Lower Higher Education Costs. Education beyond high school is increasingly important to succeed in the 21st century economy, even as it has become unaffordable for too many families. The Build Back Better Agenda would provide two years of free community college—boosting the earnings of low-wage high school graduates by nearly $6,000 per year. President Biden’s plan also increases the maximum Pell Grant award by almost $1,500, and invests billions in subsidized tuition for low- and middle-income students at minority-serving institutions. The plan also invests in evidence-based strategies to strengthen completion and retention rates at institutions that serve high numbers of low-income students, particularly community colleges.

Lower Housing Costs. More than 55% of Latino renters pay over 30% of their income in rent. The Plan’s investments help lower housing costs and increase the supply of affordable housing through tax credits and government financing, including constructing and rehabilitating more than one million sustainable rental housing units and more than 500,000 homes working families can afford. It will also make investments to preserve existing public housing as well as remove lead-based paint from housing units.

CUT TAXES
Tax Cuts for Families with Children. 21.2 percent of Hispanic people fall below the poverty line, struggling to pay expenses like food, rent, health care and transportation for their families. President Biden’s plan will extend the Child Tax Credit expansion in the American Rescue Plan, lowering taxes for middle class families by providing the families of more than 66 million kids and nearly 4.5 million Hispanic people in the U.S. a major tax cut –  cutting the Hispanic poverty rate by 39 percent. This is especially critical for the 61% of Hispanic women who are either sole or co-breadwinners for their families.

Tax Cuts for Workers Without Children. The President’s agenda permanently extends the American Rescue Plan’s increase to the Earned-Income Tax Credit from $543 to $1,502. This will benefit roughly 17 million low-wage workers, including cashiers, cooks, delivery drivers, food preparation workers, and child care providers.

CREATE JOBS
Workforce Training. The U.S. has chronically underinvested in workforce development, and millions of jobs have been going unfilled in growing sectors such as construction and health care. Through high-quality career and technical education pathways and Registered Apprenticeships, President Biden’s Build Back Better Agenda will invest in training programs that will prepare millions of American workers for high-quality jobs in growing sectors.

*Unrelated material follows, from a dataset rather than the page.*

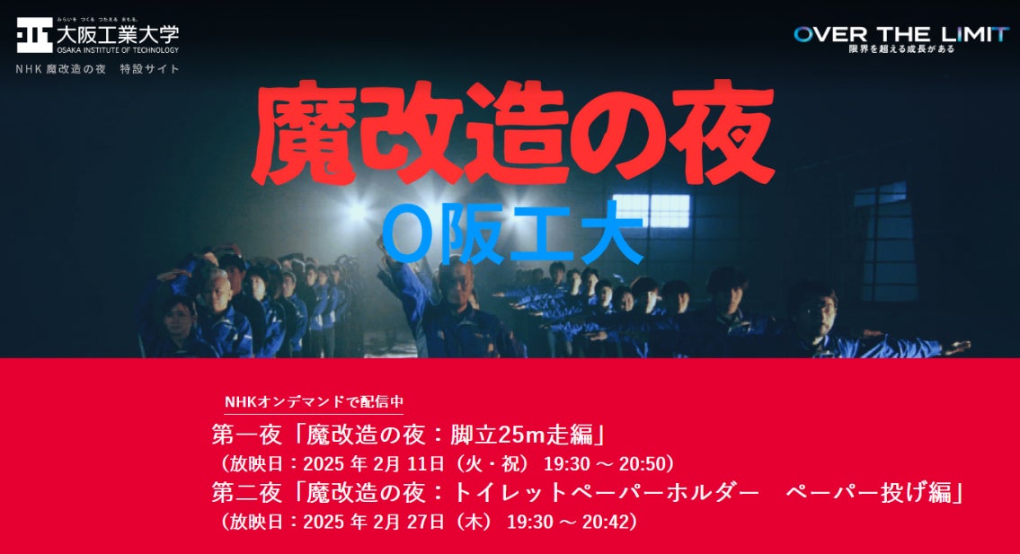 大阪工業大学(学長:井上晋)は2月11日、27日にNHK総合で放送されました人気番組「魔改造の夜」に「O阪工大」として出演しました。同番組は、超一流のエンジニアたちが極限のアイデアとテクニックを競う技術開発エンターテインメント番組で、本学の学生と教職員が一丸となって創り出した“魔物”を披露しました。同番組で紹介された“魔物”や製作の様子を紹介した特設サイトを公開しました。

Clean Energy Jobs. When President Biden thinks about climate change, he thinks jobs. To position the U.S. to tackle the climate crisis and advance environmental justice, the President’s plan would create good-paying, union jobs, establish an energy efficiency and clean energy standard, expand and extend clean energy and electric vehicle tax credits, and enlist a new Civilian Climate Corps. As part of the U.S. Innovation and Competition Act, the Build Back Better Agenda would also restore American manufacturing with R&D investments—including critical investments to compete on clean energy.

Investments in Teachers and Schools. Even before the pandemic, our schools faced an estimated teacher shortage of 100,000, undermining the education of our children and students of color in particular. Only 9 percent of our nation’s public school teachers are Hispanic, even though Hispanic students make up 27 percent of all public elementary and secondary students. President Biden’s Build Back Better Agenda will advance educational equity by upgrading school infrastructure, addressing teacher shortages and improving teacher preparation, increasing the diversity of the teacher pipeline, and expanding free school meals to an additional 9.3 million children during the school year and helping families purchase food during the summer.